March 27 (Bloomberg) -- Oil’s rally to a four-month high is vulnerable to a correction because near-term demand for crude isn’t yet strong enough to support a sustained advance, Goldman Sachs Group Inc. said.

The discount for crude delivered in May, the front-month contract in New York, compared with July futures widened to as much as $3.47 a barrel this week from $1.18 earlier in the month. That indicates a surplus of oil for immediate delivery. U.S. oil inventories rose to a 16-year high last week.

“The current rally was accompanied by weakened timespreads and weaker fundamentals,” Jeffrey Currie, a London-based analyst at Goldman, said in the bank’s Energy Weekly yesterday. “This leaves the market vulnerable to near-term pullback.”

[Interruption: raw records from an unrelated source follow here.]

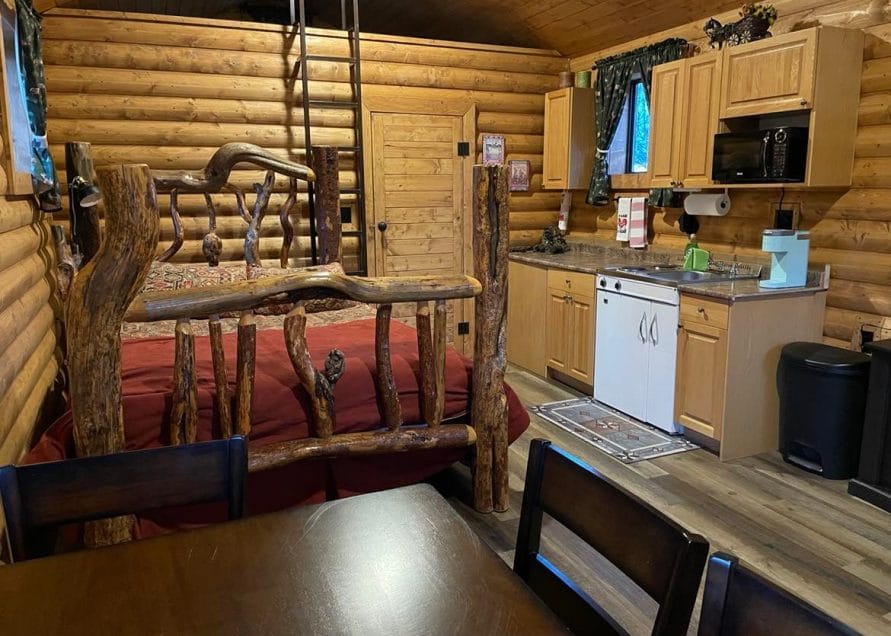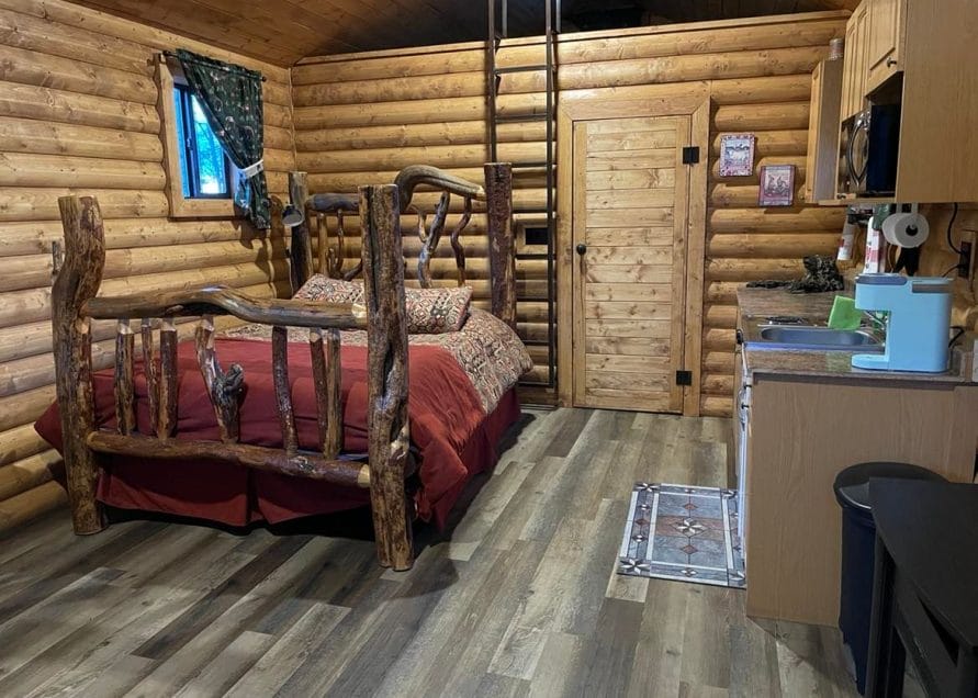 The number of people sleeping comfortably in the Moose Cabin is 2 adults, but there is a sleeping loft with mattresses where a little bit older kids can sleep if they can safely climb a steep ladder.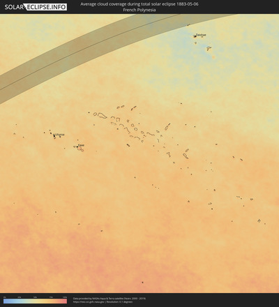 Die folgenden Karten zeigen die durchschnittliche Bewölkung für den Tag, an dem die totale Sonnenfinsternis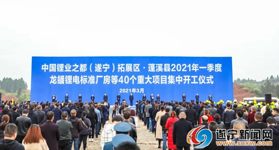3月22日,中国锂业之都(遂宁)拓展区·蓬溪县2021年一季度龙蟠锂电标准厂房等40个重大项目集中开工仪式在蓬溪经开区金桥片区举行。市委书记邵革军出席并宣布开工。市委副书记、市长邓正权,市人大常委会主任周霖临,市政协主席杨军,市委副书记景临出席开工仪式。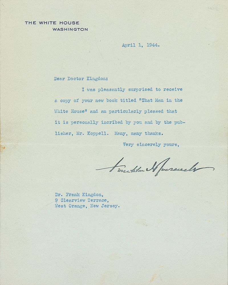 TLS as president, one page, 7 x 8.75, White House letterhead, April 1, 1944. Letter to Frank Kingdon. In full: “I was pleasantly surprised to receive a copy of your new book titled ‘The Man in the White House’ and am particularly pleased that it is personally inscribed by you and the publisher, Mr. Koppell. Many, many thanks.” In fine condition, with scattered toning.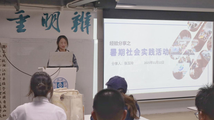 23化学1班张玉玲分享了社会实践活动的相关经验,涵盖前期准备、中期实施与后期总结答辩。她建议团队规模以6至10人为宜,选题应结合专业特色和时政热点,注重AI赋能与线上线下协同推广,并介绍了日常宣传、答辩总结等具体做法。她总结出选定赛道、寻找指导教师、加强团队协作等心得,鼓励同学们“敢想、敢试、敢闯”。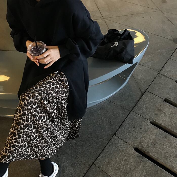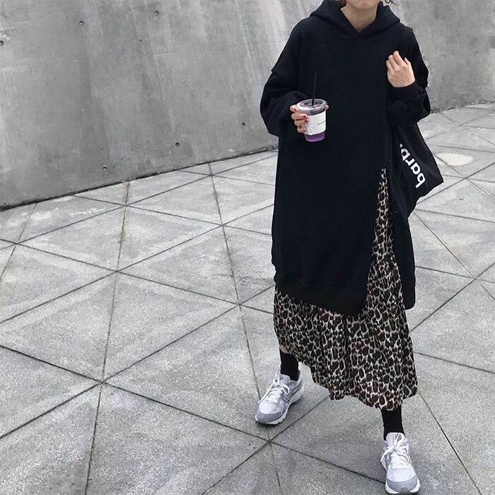 ロングパーカーは裾ファスナー付きで抜け感を演出。レオパード柄のスカートがこなれ感のある1枚。裏起毛付きで暖かく機能性も抜群です。
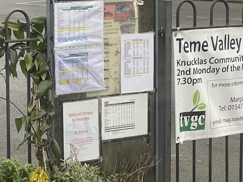Celtic Travel also has the timetable on its website and I noticed someone in Knighton has taken the initiative to display a timetable at the bus stop in the village where the bus pauses for a couple of minutes.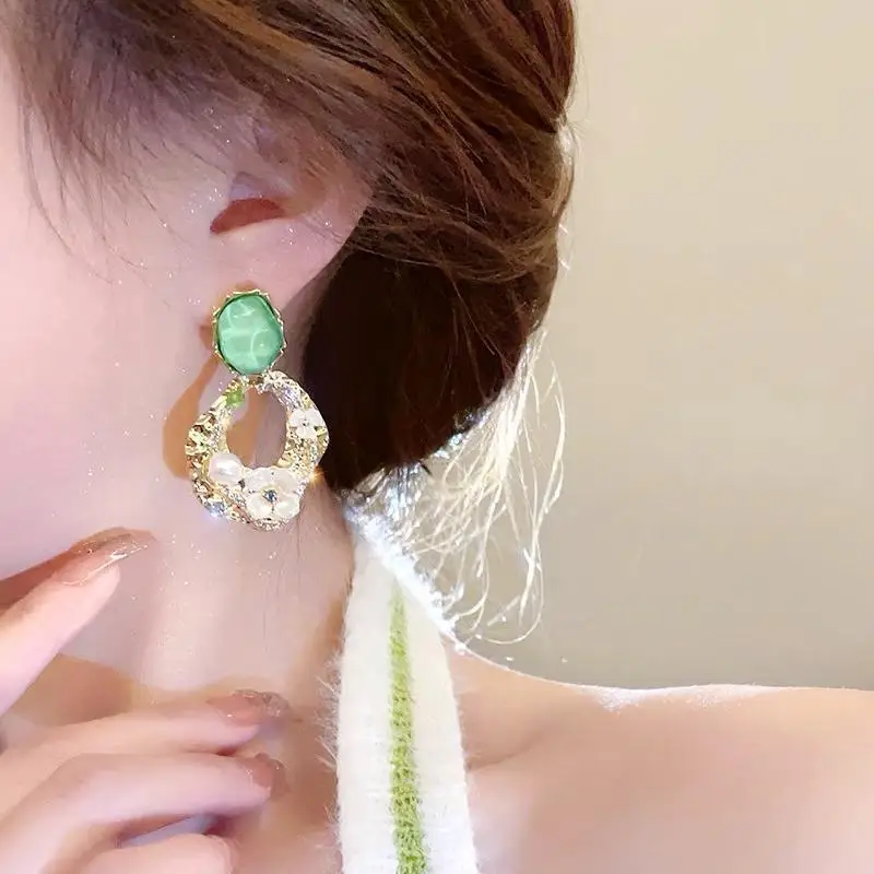 Vintage Style Stainless Steel Jewelry Drop Earrings Square Zircon Flower Pearl

Oil for May has gained 10 percent since the Federal Reserve announced plans to spur a U.S. recovery by purchasing $300 billion of treasuries to bring down long-term interest rates. That raised demand for longer-dated crude futures on speculation the policy would boost economic growth coupled with concern the increase in money supply may spark inflation.

“Last week’s rally was entirely back-end driven as the focus shifted to future fundamentals following quantitative easing efforts,” Goldman said. A more sustained advance is possible “once it becomes clear that the underlying balance of the market has tightened enough to draw inventories globally.”

The oil market has been in so-called contango, where spot prices are cheaper than longer-dated futures, since August as the economic slump cuts demand, causing inventories to rise.